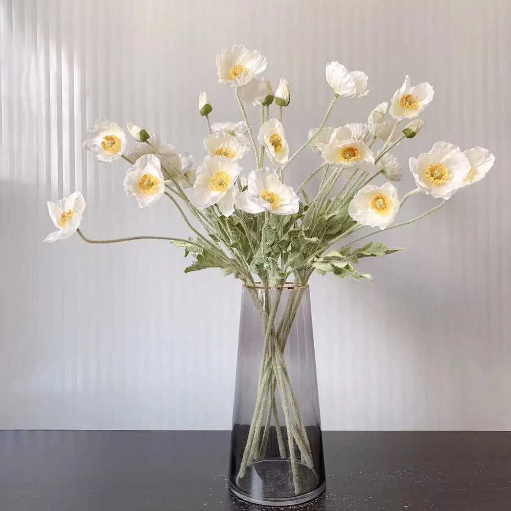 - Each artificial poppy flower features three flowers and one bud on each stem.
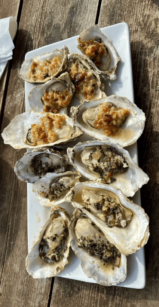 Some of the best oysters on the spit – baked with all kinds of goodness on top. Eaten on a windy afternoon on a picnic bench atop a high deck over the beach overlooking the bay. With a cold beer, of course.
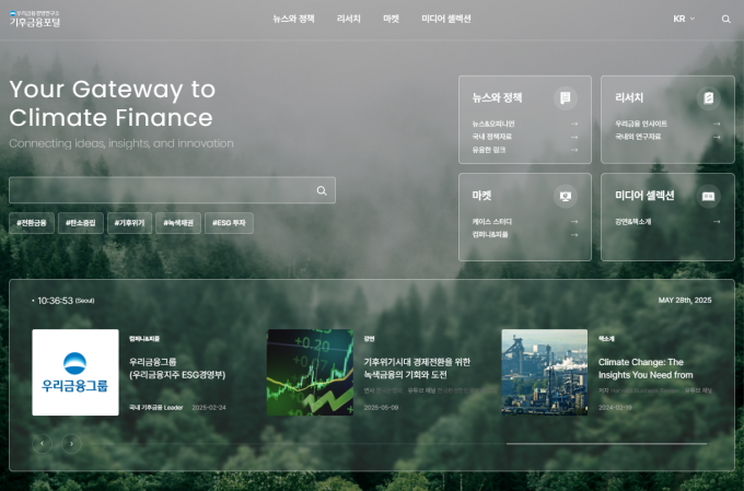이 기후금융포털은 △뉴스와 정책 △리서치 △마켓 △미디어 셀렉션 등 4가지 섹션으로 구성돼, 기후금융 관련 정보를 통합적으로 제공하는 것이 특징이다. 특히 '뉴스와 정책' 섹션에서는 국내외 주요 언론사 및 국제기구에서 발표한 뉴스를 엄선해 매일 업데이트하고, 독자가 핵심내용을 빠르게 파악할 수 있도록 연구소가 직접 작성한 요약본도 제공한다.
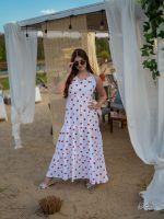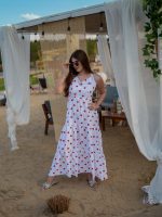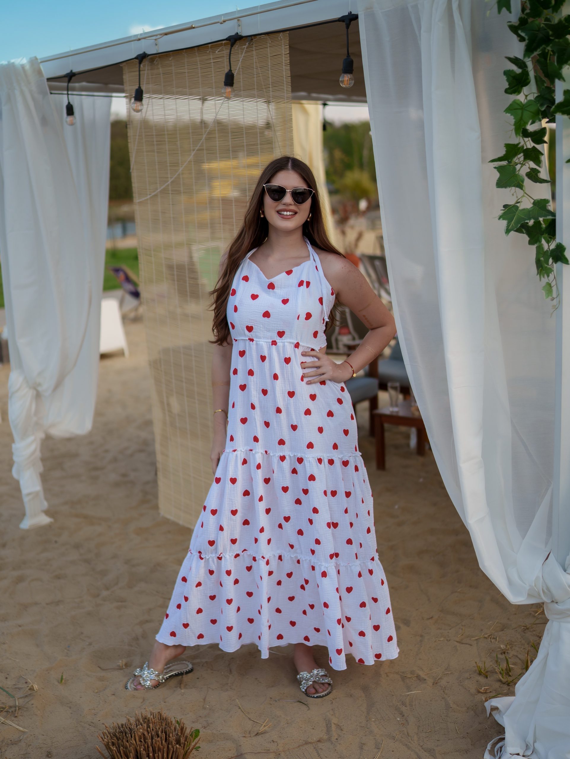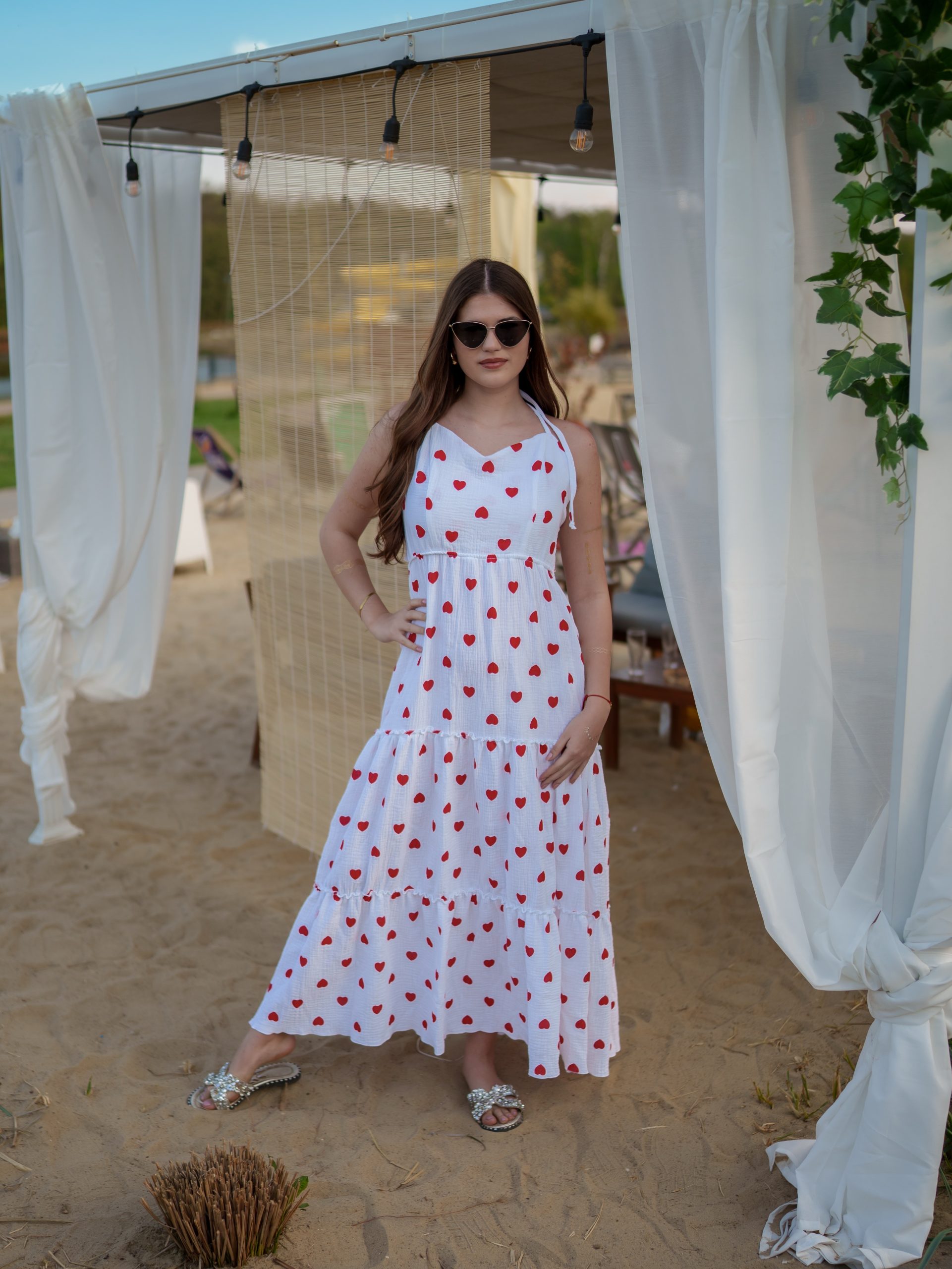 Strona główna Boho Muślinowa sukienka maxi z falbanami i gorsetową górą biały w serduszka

══════════════════════════════

WORK TASK :: Begin at the first line of the listing and print each line exactly. Stop after the line containing "Some of the", and omit all pictures.

RESULT OF THE EXERCISE ::
 - Each artificial poppy flower features three flowers and one bud on each stem.
 Some of the best oysters on the spit – baked with all kinds of goodness on top. Eaten on a windy afternoon on a picnic bench atop a high deck over the beach overlooking the bay. With a cold beer, of course.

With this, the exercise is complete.